Segment Open

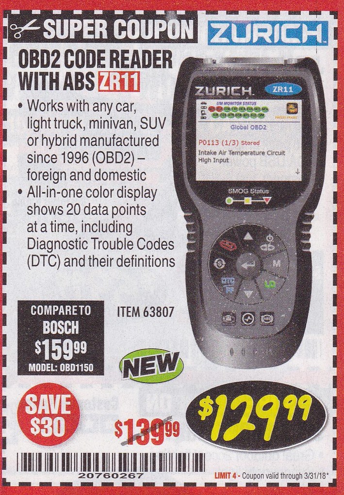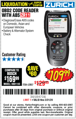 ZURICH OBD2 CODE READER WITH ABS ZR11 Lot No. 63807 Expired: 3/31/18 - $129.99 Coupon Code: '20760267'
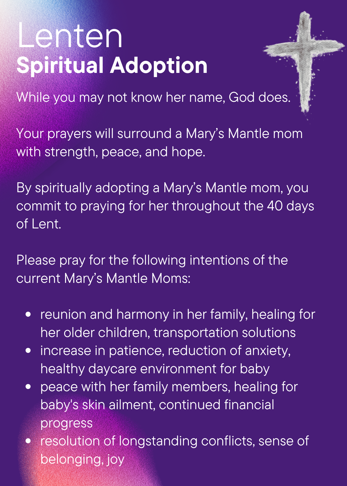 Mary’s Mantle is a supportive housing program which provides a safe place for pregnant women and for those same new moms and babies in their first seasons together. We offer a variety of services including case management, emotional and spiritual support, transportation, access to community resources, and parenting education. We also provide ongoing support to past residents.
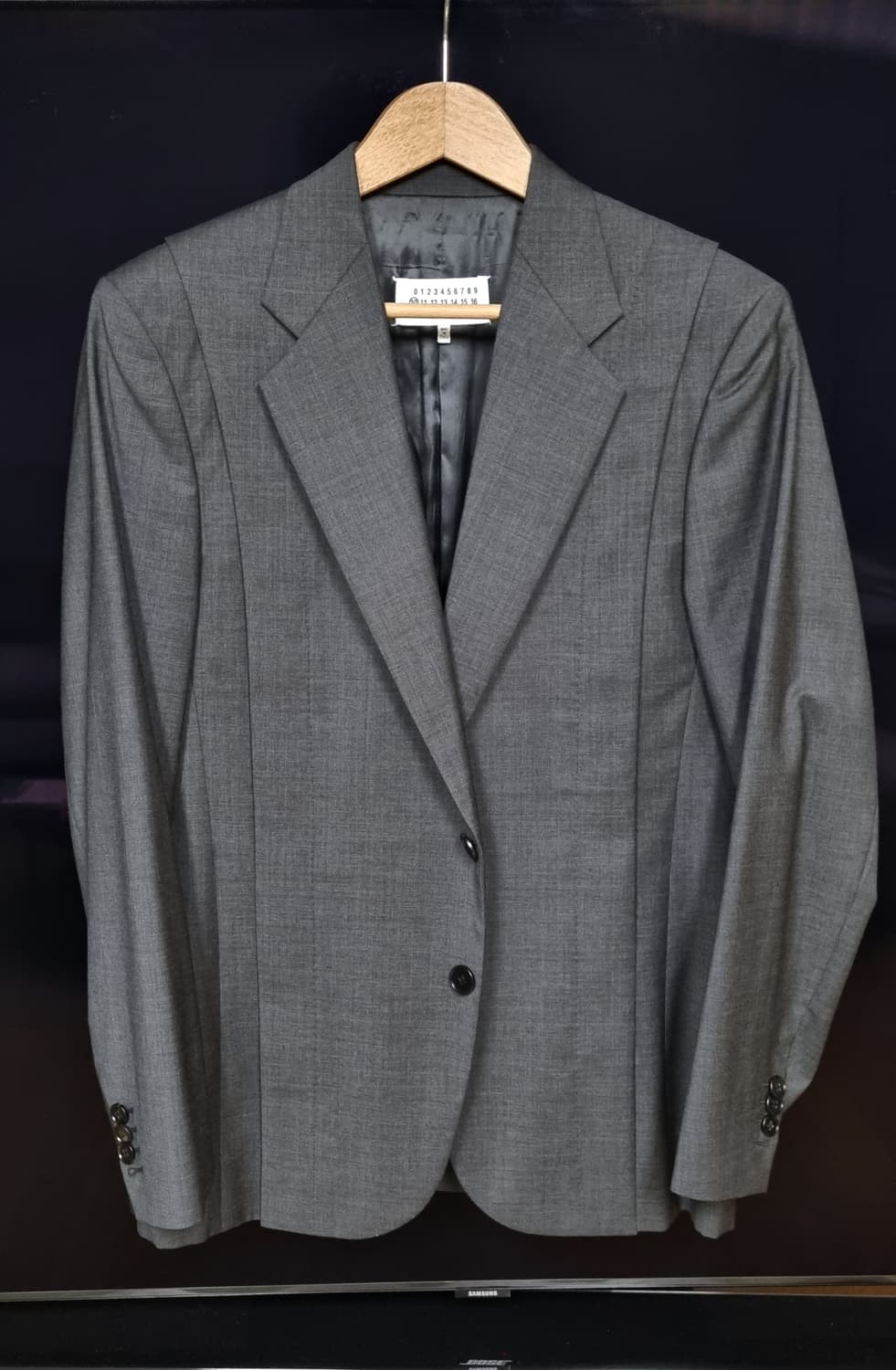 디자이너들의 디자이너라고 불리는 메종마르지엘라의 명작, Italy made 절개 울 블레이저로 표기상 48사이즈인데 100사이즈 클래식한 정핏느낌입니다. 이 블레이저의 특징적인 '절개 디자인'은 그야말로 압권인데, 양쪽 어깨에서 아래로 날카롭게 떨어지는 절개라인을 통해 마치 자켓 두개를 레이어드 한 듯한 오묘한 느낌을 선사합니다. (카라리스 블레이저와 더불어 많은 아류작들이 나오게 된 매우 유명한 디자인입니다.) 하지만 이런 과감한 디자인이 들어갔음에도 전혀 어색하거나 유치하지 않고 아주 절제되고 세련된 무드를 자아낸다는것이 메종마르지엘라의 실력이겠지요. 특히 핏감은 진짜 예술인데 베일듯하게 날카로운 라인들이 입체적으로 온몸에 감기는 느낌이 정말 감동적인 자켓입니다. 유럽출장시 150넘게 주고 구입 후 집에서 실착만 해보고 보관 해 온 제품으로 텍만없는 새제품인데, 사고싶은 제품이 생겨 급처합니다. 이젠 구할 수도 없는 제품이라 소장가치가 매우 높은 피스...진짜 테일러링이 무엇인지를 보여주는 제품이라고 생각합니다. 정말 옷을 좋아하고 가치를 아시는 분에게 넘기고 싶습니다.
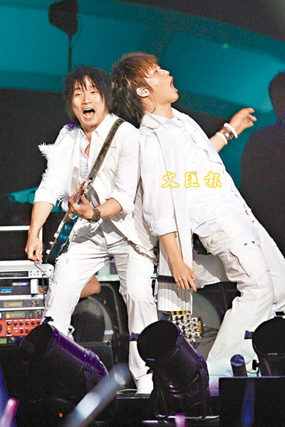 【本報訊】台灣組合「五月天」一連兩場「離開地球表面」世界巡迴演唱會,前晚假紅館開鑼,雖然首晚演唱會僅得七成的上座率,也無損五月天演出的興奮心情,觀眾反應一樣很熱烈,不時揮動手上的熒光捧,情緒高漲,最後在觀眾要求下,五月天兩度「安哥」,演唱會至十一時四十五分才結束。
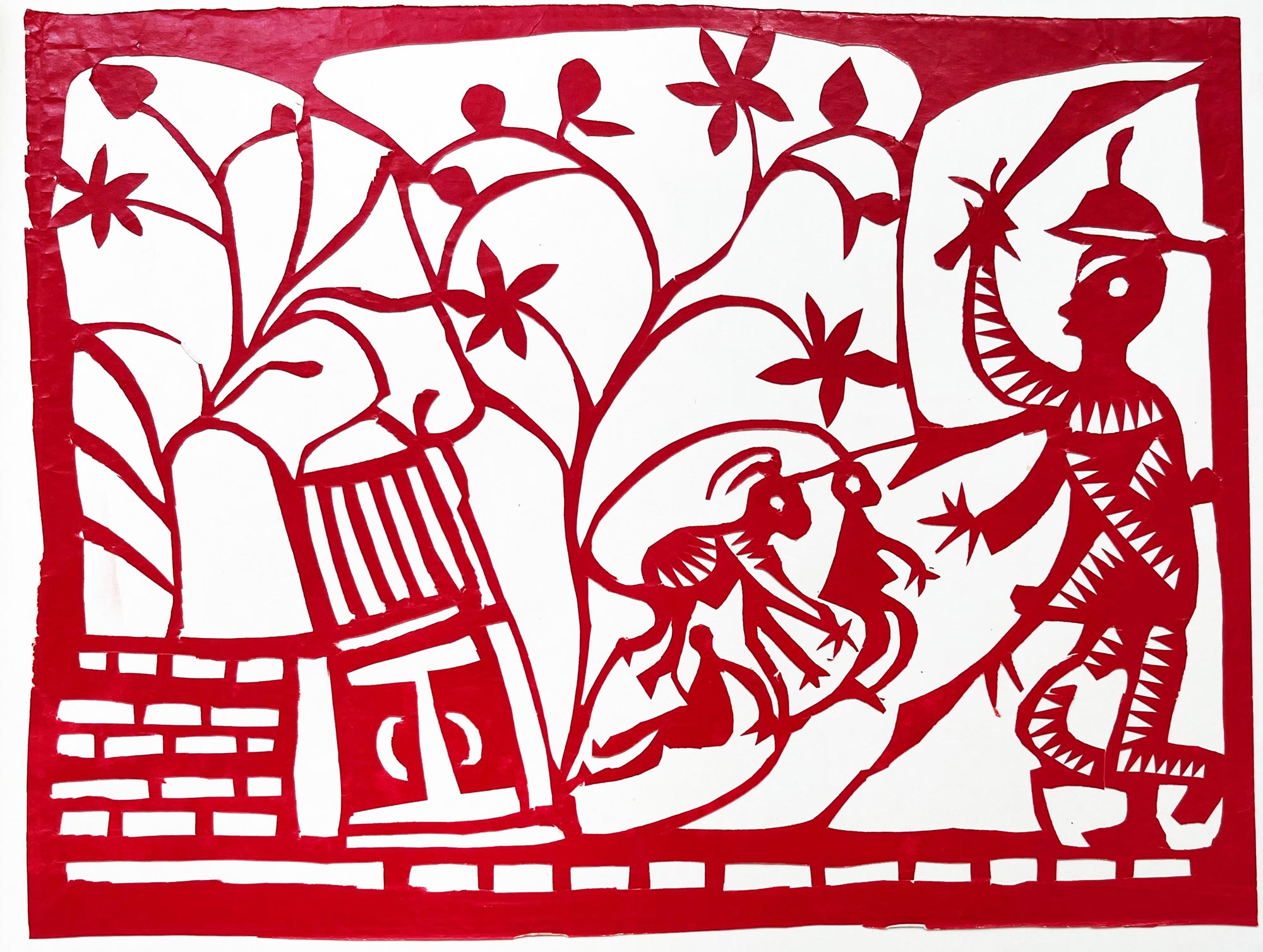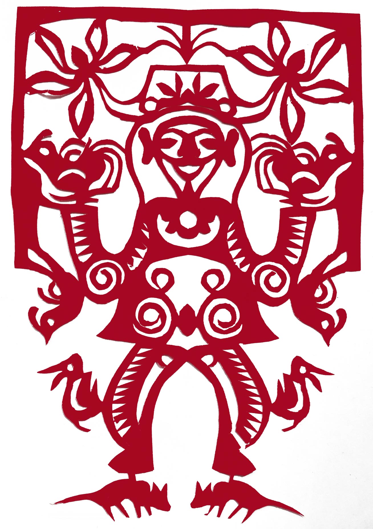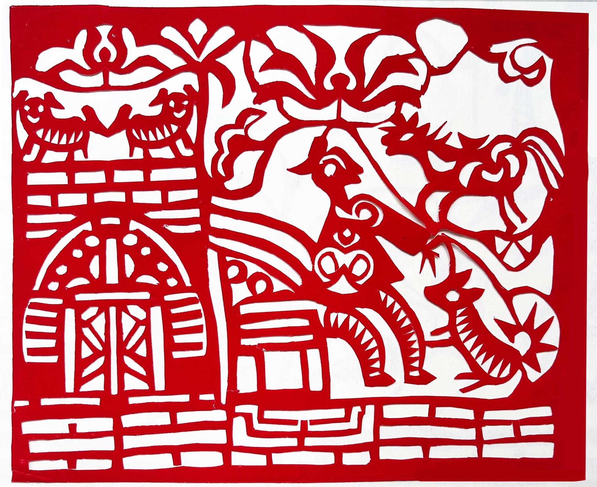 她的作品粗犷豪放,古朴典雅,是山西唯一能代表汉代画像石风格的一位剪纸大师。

Segment Closed
Segment Open

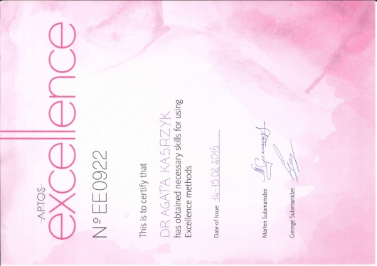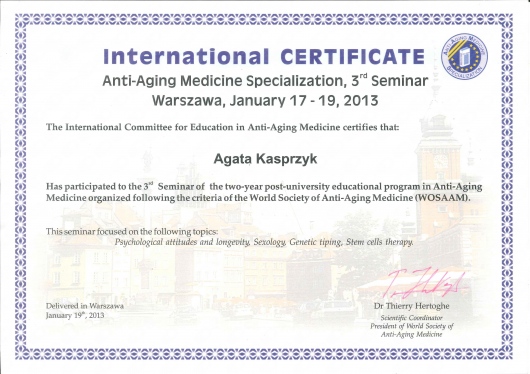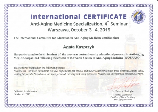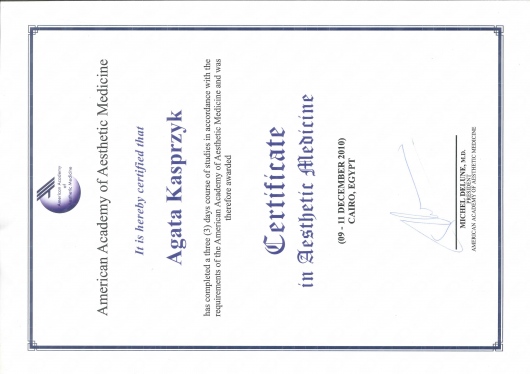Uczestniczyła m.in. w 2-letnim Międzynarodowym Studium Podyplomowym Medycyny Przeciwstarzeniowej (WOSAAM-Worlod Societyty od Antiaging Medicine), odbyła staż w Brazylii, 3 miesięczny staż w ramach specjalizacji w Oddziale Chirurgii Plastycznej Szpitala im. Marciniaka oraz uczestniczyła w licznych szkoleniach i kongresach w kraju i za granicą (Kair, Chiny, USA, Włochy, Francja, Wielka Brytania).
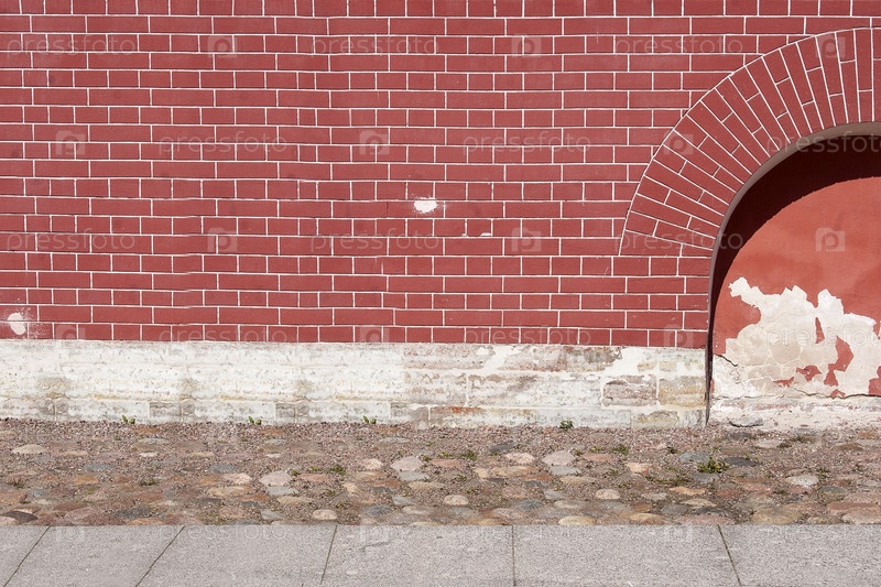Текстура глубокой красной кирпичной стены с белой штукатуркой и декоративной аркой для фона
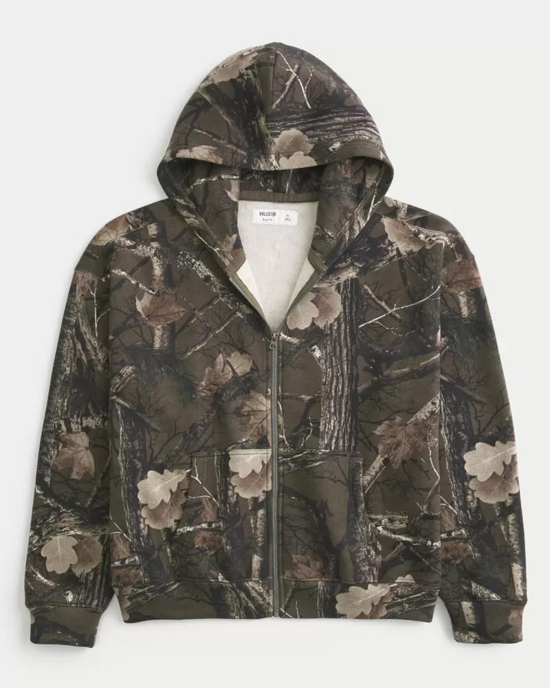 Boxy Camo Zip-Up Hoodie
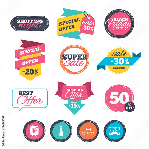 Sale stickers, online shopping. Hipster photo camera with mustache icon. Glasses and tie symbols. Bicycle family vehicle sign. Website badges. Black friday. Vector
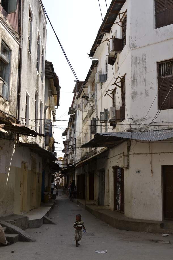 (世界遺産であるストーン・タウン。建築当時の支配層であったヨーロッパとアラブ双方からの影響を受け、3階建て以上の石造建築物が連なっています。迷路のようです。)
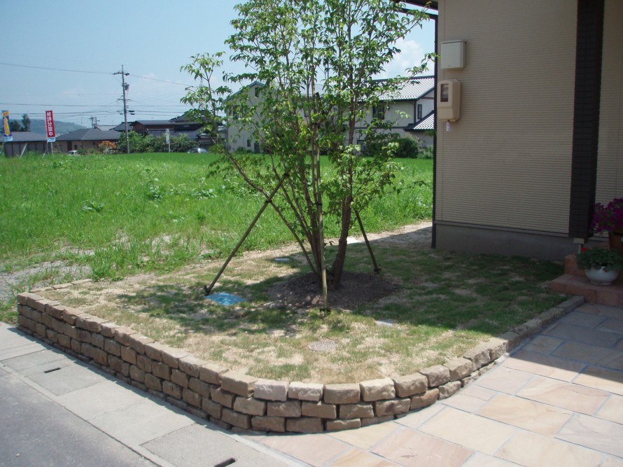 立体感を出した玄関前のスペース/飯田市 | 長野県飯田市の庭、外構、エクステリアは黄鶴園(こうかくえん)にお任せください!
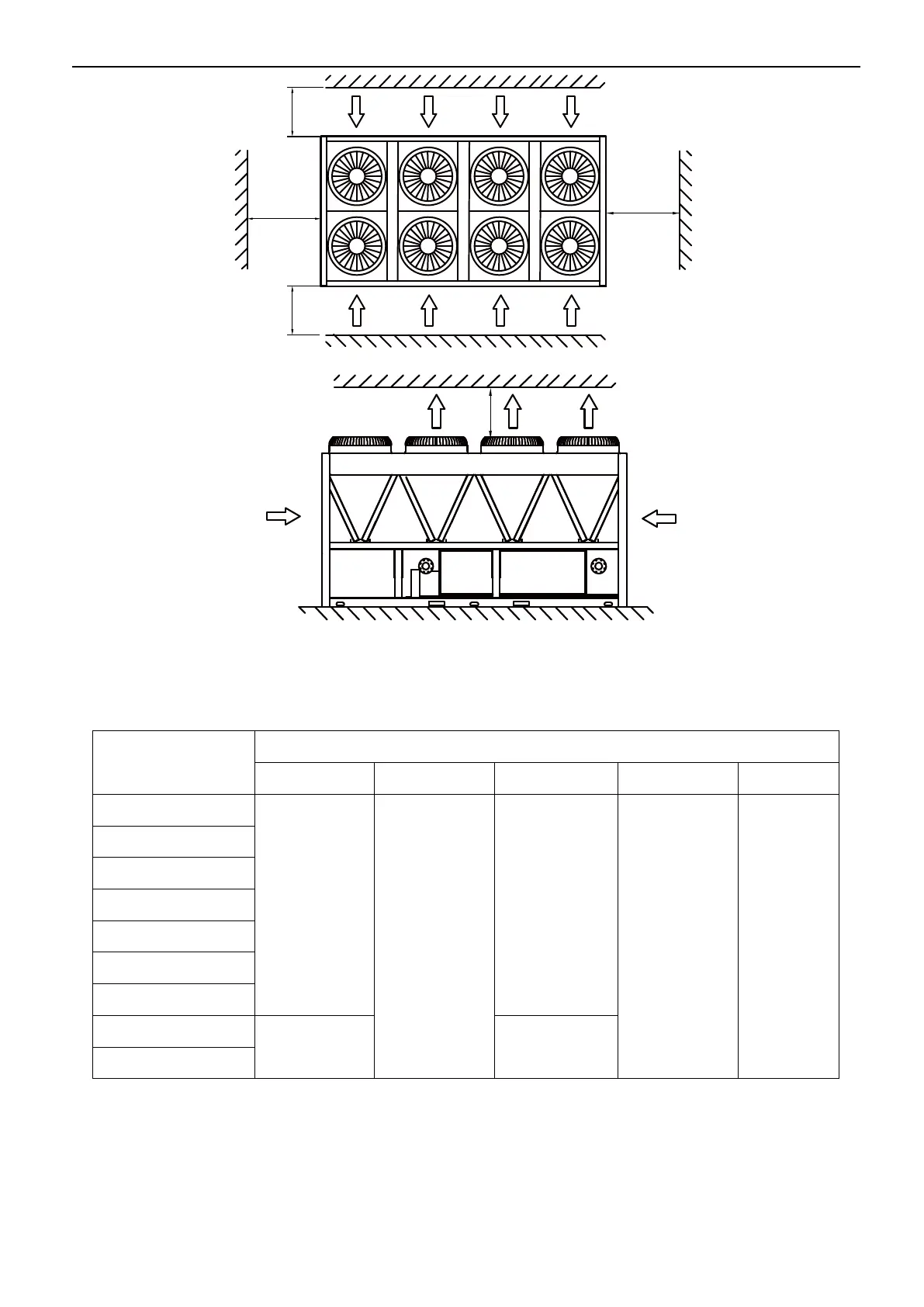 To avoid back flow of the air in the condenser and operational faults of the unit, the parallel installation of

Segment Closed

* What needs to be done: Could you repeat, exactly, only the lines above starting at the one that has "Uczestniczyła m.in. w" and stopping after the one that has "To avoid back", without the pictures?

* Result of the exercise:
Uczestniczyła m.in. w 2-letnim Międzynarodowym Studium Podyplomowym Medycyny Przeciwstarzeniowej (WOSAAM-Worlod Societyty od Antiaging Medicine), odbyła staż w Brazylii, 3 miesięczny staż w ramach specjalizacji w Oddziale Chirurgii Plastycznej Szpitala im. Marciniaka oraz uczestniczyła w licznych szkoleniach i kongresach w kraju i za granicą (Kair, Chiny, USA, Włochy, Francja, Wielka Brytania).
Текстура глубокой красной кирпичной стены с белой штукатуркой и декоративной аркой для фона
 Boxy Camo Zip-Up Hoodie
 Sale stickers, online shopping. Hipster photo camera with mustache icon. Glasses and tie symbols. Bicycle family vehicle sign. Website badges. Black friday. Vector
 (世界遺産であるストーン・タウン。建築当時の支配層であったヨーロッパとアラブ双方からの影響を受け、3階建て以上の石造建築物が連なっています。迷路のようです。)
 立体感を出した玄関前のスペース/飯田市 | 長野県飯田市の庭、外構、エクステリアは黄鶴園(こうかくえん)にお任せください!
 To avoid back flow of the air in the condenser and operational faults of the unit, the parallel installation of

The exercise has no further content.